Show all filings for MUELLER INDUSTRIES INC

Form 8-K for MUELLER INDUSTRIES INC


9-Nov-2012

Change in Directors or Principal Officers, Financial Statements and Exhibi


Item 5.02 Departure of Directors or Certain Officers; Election of Directors; Appointment of Certain Officers; Compensatory Arrangements of Certain Officers.

As previously disclosed, effective October 26, 2012, Kent A. McKee ("Mr. McKee") stepped down as the Executive Vice President and Chief Financial Officer of Mueller Industries, Inc. (the "Company") to pursue other opportunities.

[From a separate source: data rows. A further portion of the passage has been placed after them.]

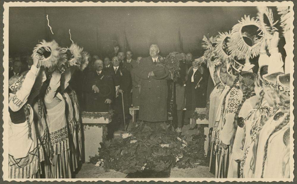 Jaunietes tautastērpos sveic Latvijas Valsts un Ministru prezidentu Kārli Ulmani (centrā) Otro Latvijas Pļaujas svētku un Latgales Lauksaimniecības izstādes laikā Rēzeknē.
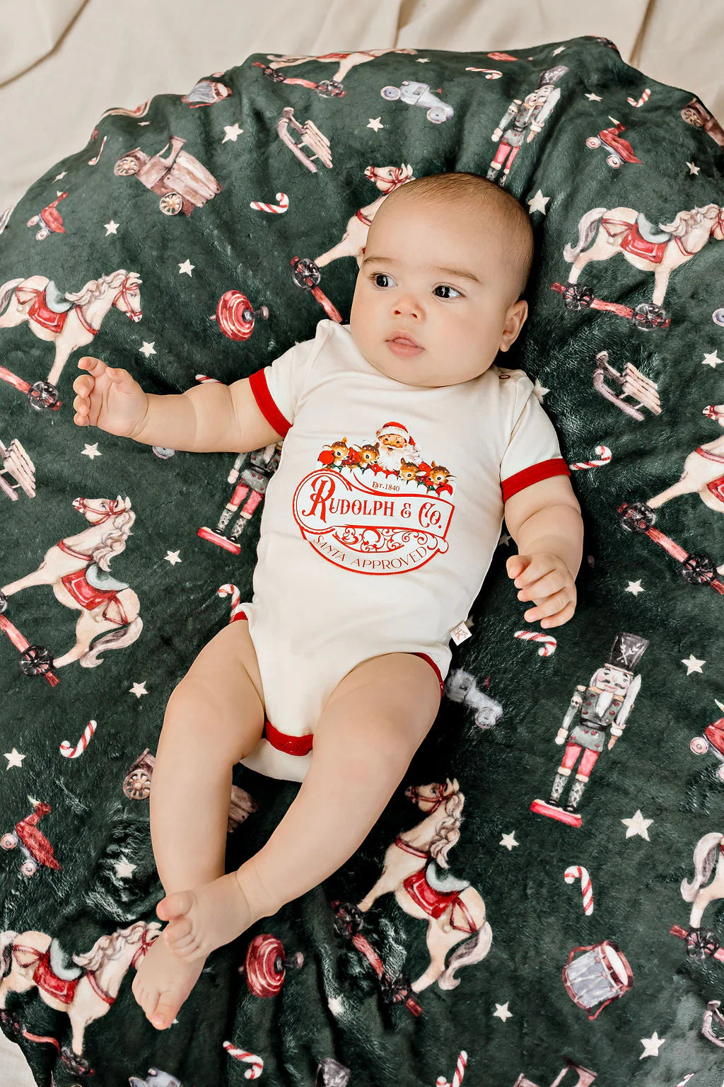 Step into Christmas cuteness with our limited-edition “Rudolph + Co. Santa Approved” Bodysuit 🎅🏼✨ Designed in the softest eggnog hue with festive red trim, this vintage-inspired style brings nostalgic charm with a modern twist.
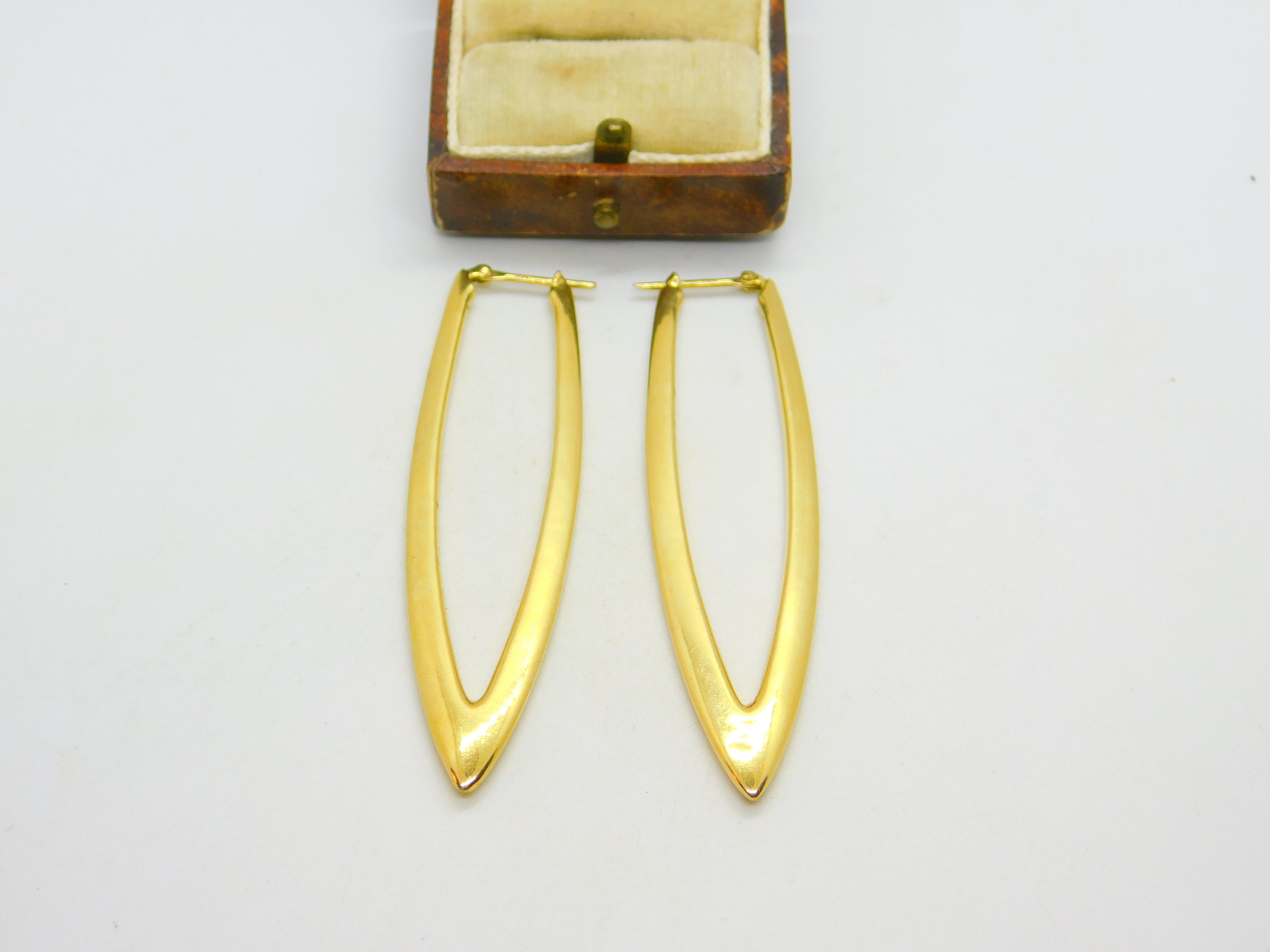 9ct Yellow Gold Oval Form Sleeper Hoop Earrings Vintage c1980
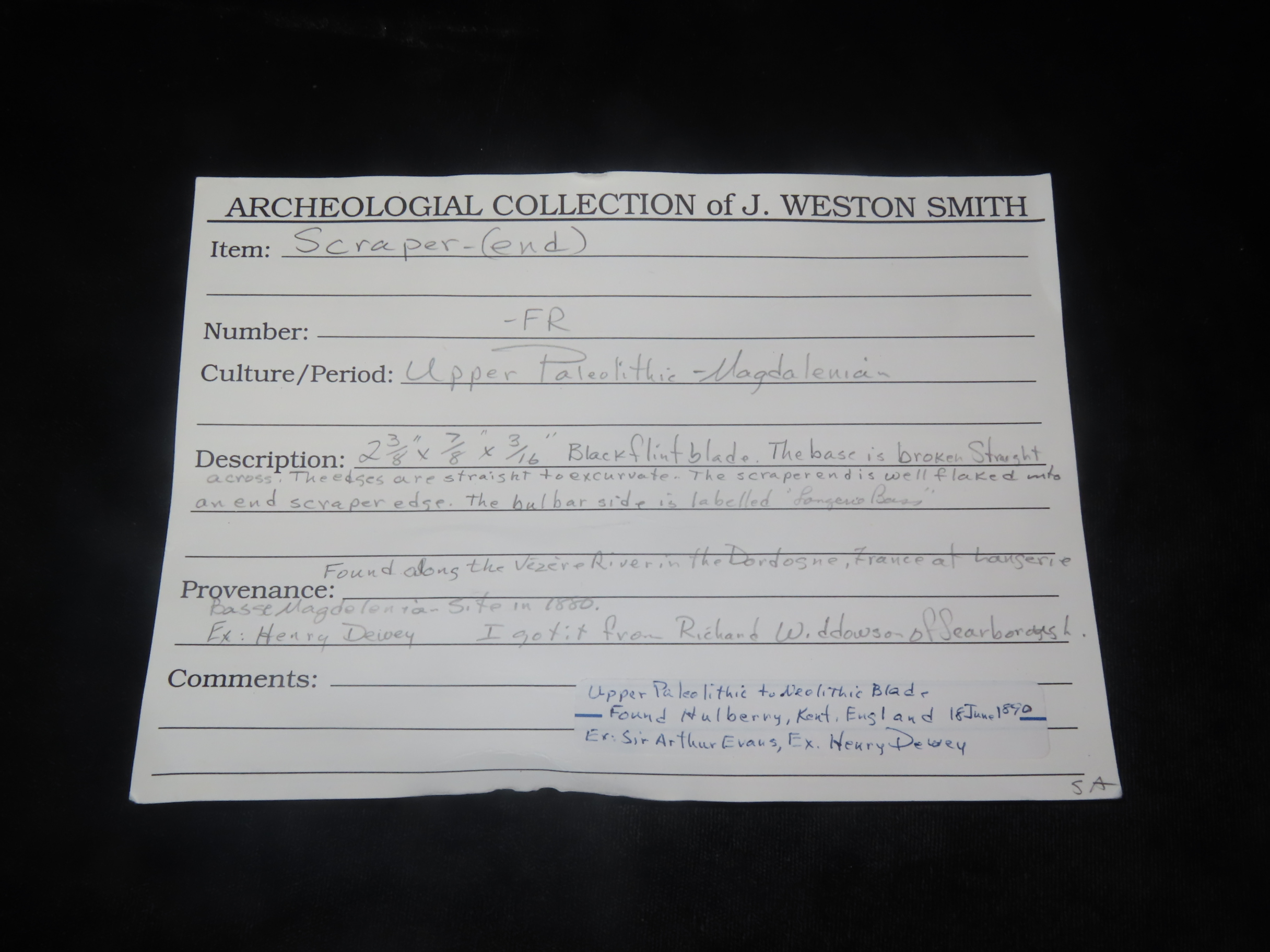 2 3/8″ X 7/8″ X 3/16″ Neolithic Scraper End Blade Upper Paleolithic Magdalenian, Found by Kent Mullebery in England, Ex Sir Arthur Evans
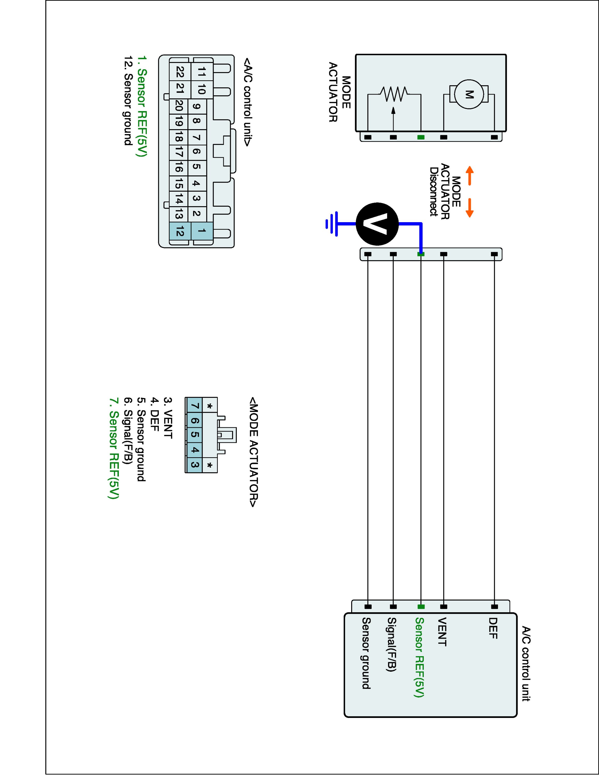 4. Measure voltage between Sensor REF (5 V) terminal of Driver Direction actuator harness connector and chassis ground.
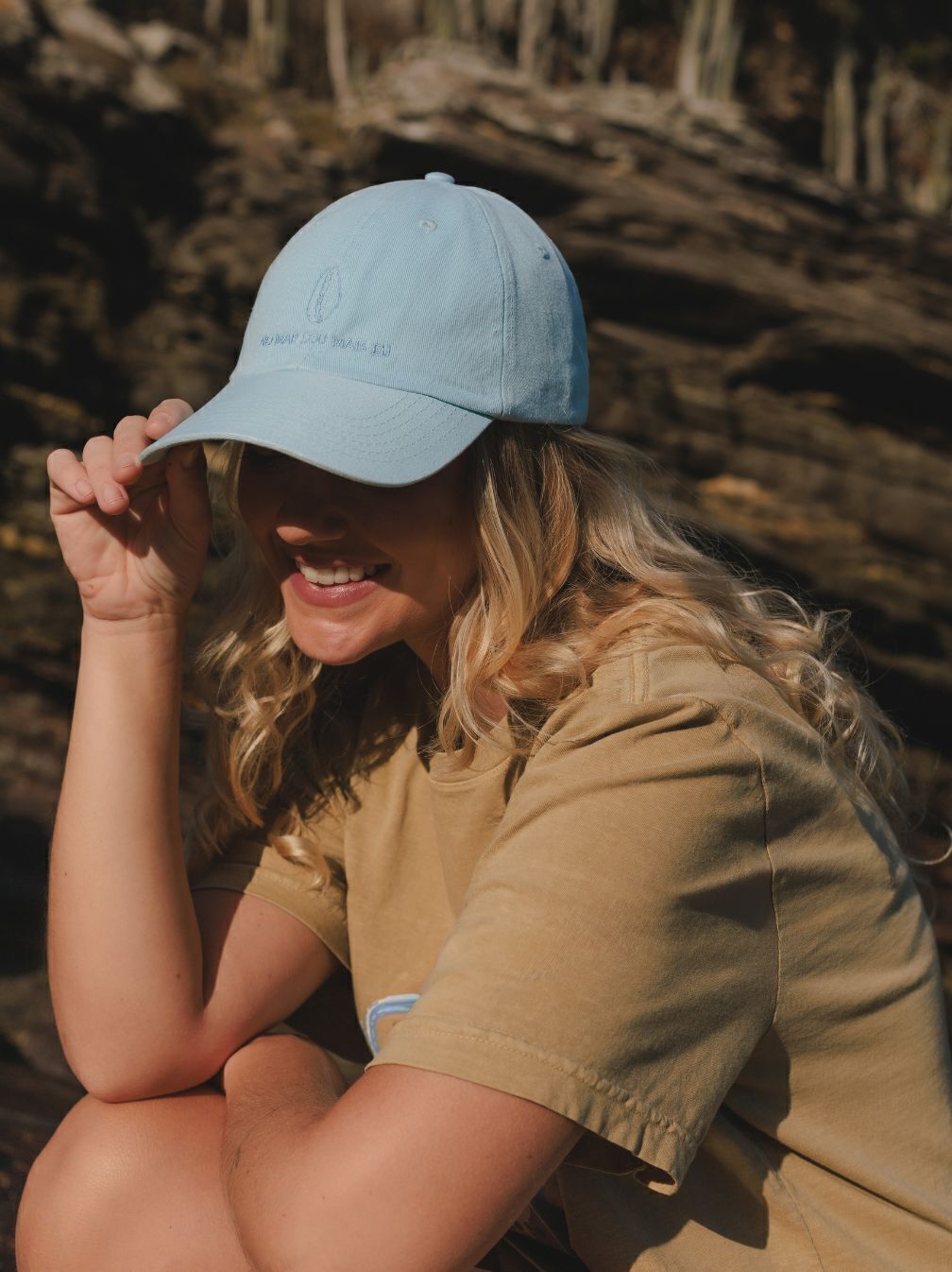 Com visual leve e discreto, o boné búzios traz a frase “no mar sou mais eu” e um búzios bordados na frente em tom suave, combinando com a cor azul claro do tecido.

In connection with his separation, on November 7, 2012, Mr. McKee entered into a separation agreement (the "Separation Agreement") with the Company, pursuant to which Mr. McKee has agreed to remain available to provide transition assistance to the Company through the filing of the Company's annual report on Form 10-K for the fiscal year ending December 29, 2012. In consideration for these services and the covenants and release described below, Mr. McKee will be entitled to: (i) continued payment of his base salary of $414,544 per annum through July 28, 2014; (ii) payment of an annual bonus in respect of the 2012 fiscal year in an amount to be determined in accordance with the terms of the Company's 2012 annual bonus plan, to be paid at such time as annual bonuses in respect of the 2012 fiscal year are paid to other senior executives of the Company; (iii) payment of an amount equal to $496,909, to be paid at such times as annual bonuses in respect of the 2013 fiscal year are paid to other senior executives of the Company; (iv) continued vesting of unvested options to purchase shares of the Company's common stock, par value $0.01 per share ("Options") and unvested shares of restricted common stock previously granted;
(v) continued exercisability of vested Options until the earlier of (A) the expiration date of the Options as set forth in the applicable award agreements (without regard to his termination), or (B) October 30, 2015; and (vi) to the extent permitted by applicable law, payment of an amount equal to his monthly COBRA premium cost for up to eighteen (18) months.

The Separation Agreement contains customary noncompete and nonsolicit covenants that will apply through July 28, 2014 and a customary general release of claims in favor of the Company and its affiliates.

The description of the Separation Agreement set forth herein is qualified in its entirety by the Separation Agreement, a copy of which is filed as Exhibit 10.1 to this Form 8-K and incorporated herein by reference.



Item 9.01 Financial Statements and Exhibits.

(d) Exhibits:

10.1 Separation Agreement by and between the Company and Kent A. McKee, dated November 7, 2012.